The Truth About the Harry Quebert Affair by Joel Dicker
Reviewed by Molly
Move over Millennium Trilogy, Joel Dicker’s The Truth About the Harry Quebert Affair is about to hit the US after becoming a massive bestseller in France, Italy and Germany. While I get excited about any book that manages to cross the ocean and make it into English, this one is particularly fascinating.
The author, originally from Geneva, spent his summers in Maine growing up. The book is set in New Hampshire, but the author is clearly returning to the New England of his youth. Even though the book was originally written in French, you can hear the American speech patterns that were embedded in the original French and then retranslated back into English. Dicker focuses on creating as plainspoken a novel as possible, trying to replicate the diction of his New England childhood while veering away from the complex sentence structures of his native French. This lends the story a curious literary blankness to its prose. Slang is not sprinkled willy-nilly into the tale, instead each phrase has a weight of deliberate decision to it.
You can read this book as a revealing exploration of French opinions on American culture, politics, and religion. Joel Dicker follows in the tradition of William Faulkner and Philip Roth, and much of the novel reads as a Southern Gothic transplanted onto a northern vacation town. The story starts with Marcus Goldman, a young author who has written one bestseller and can’t seem to write anything else. He turns to his mentor, author Harry Quebert, and goes to visit him in Quebert’s sleepy refuge.
Marcus finds more than a mentor when he arrives. Old secrets come to the fore as the body of a girl gone missing thirty years before is found buried beneath Quebert’s hydrangeas. Literally everyone in the town becomes either a suspect or is revealed as an accomplice as the murder investigation brings out the revelation that Quebert and Nola had been chastely seeing each other previous to her disappearance.
The central persona of the story is not Quebert or Goldman, but Nola. I say persona rather than character because she is not so much a character as an object of fascination, by the press, the town, and finally, Marcus Goldman, who cures his block by joining the media circus to write about Quebert and Kellergan in hopes of clearing Quebert’s name. The enigmatic character of Nola is deliberately blank. Her purpose for most of the characters is that of muse, and her youth helps to justify her essentially unfinished character. She is complicit in her lack of agency. Rather than struggling to define herself, Nola instead helps others with their own work.
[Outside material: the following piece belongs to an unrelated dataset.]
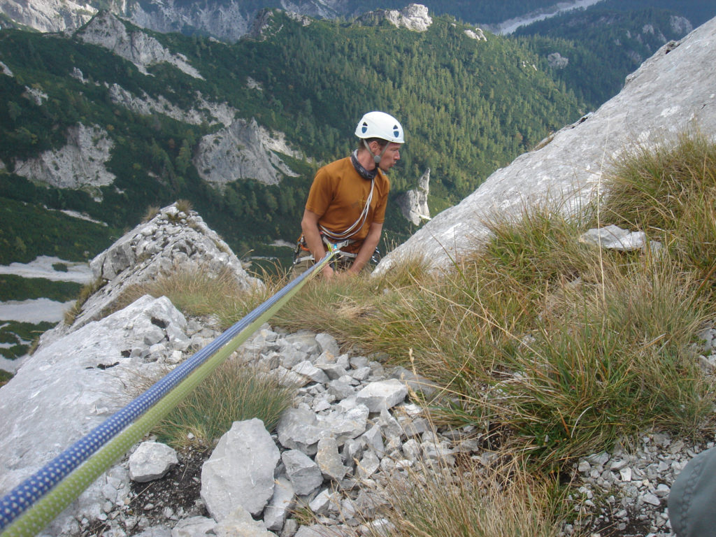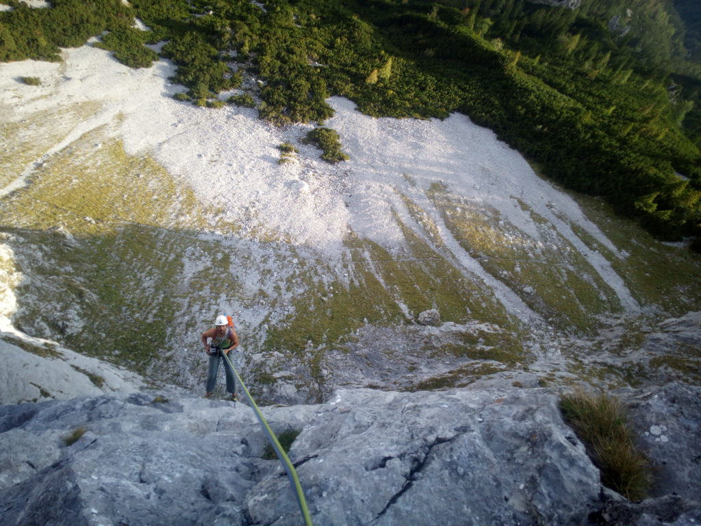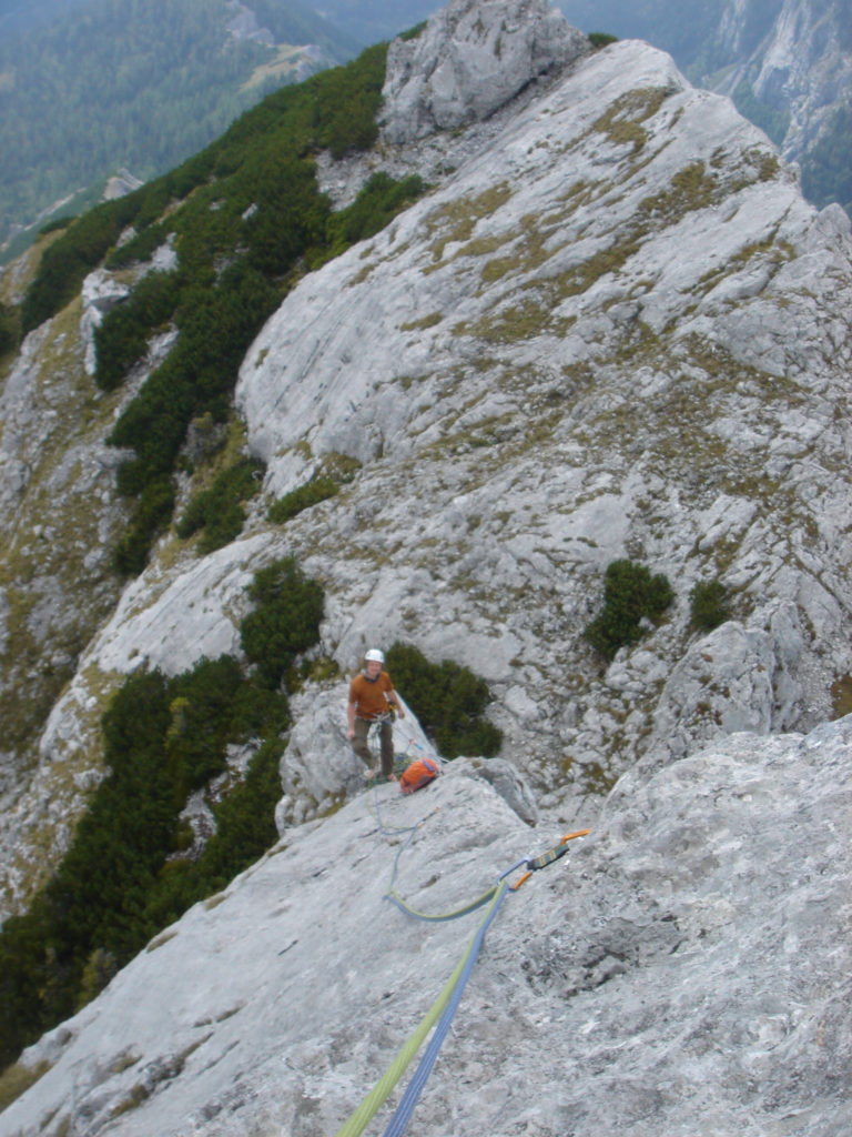 Unglaublich wo hier ein Vierer raufgehen soll und wirklich sind die zweite und dritte Länge richtig steil, gut gesichert zwar aber es „pfeift“ gleich mal ordenlich runter. Über den Gipfel des Kleinen Festlbeilsteins geht es dann hinüber/hinunter zum Großen. Die vierte Kletterlänge ist wieder steil, der Felsen sehr kompakt und herrlich. Dann geht es über den Grat zum Gipfel. Nach einer Rast in der Sonne, die uns seit dem Einstieg anlacht, seilen wir uns über die Südwand ab. Die Abseilpiste ist perfekt und wir nehmen, wie empfohlen, den ersten, den dritten und fünften Stand. Der zweite liegt als einziger auf einer flachen Platte, bei der es beim Abziehen des Seils zu Schwierigkeiten kommen könnte. Mit viel Luft unterm Hintern geht es abwärts und nach vierzig Minuten abseilen steigen wir zurück zum Bodenbauer ab.

Her entrance into adult life inspires Quebert’s book, and her startling exit inspires Goldman’s, yet she herself is defined only by the reactions of others– the perfect muse.
Nola the character is traumatized by a complex home life, exploited by a series of men who claim to love her, and finally, betrayed by the entire town’s failure to protect her. And yet she does hold on to some agency. Her voice is slow to be revealed, but she eventually shows herself to be as complex and problematic a character as any other in the book.
Dicker’s novel comes in at a whopping 640 pages, but don’t worry about the length – he keeps his plot moving at a steady pace and ramps up slowly over the last three hundred pages to one of the most satisfying conclusions I have ever found in a mystery novel.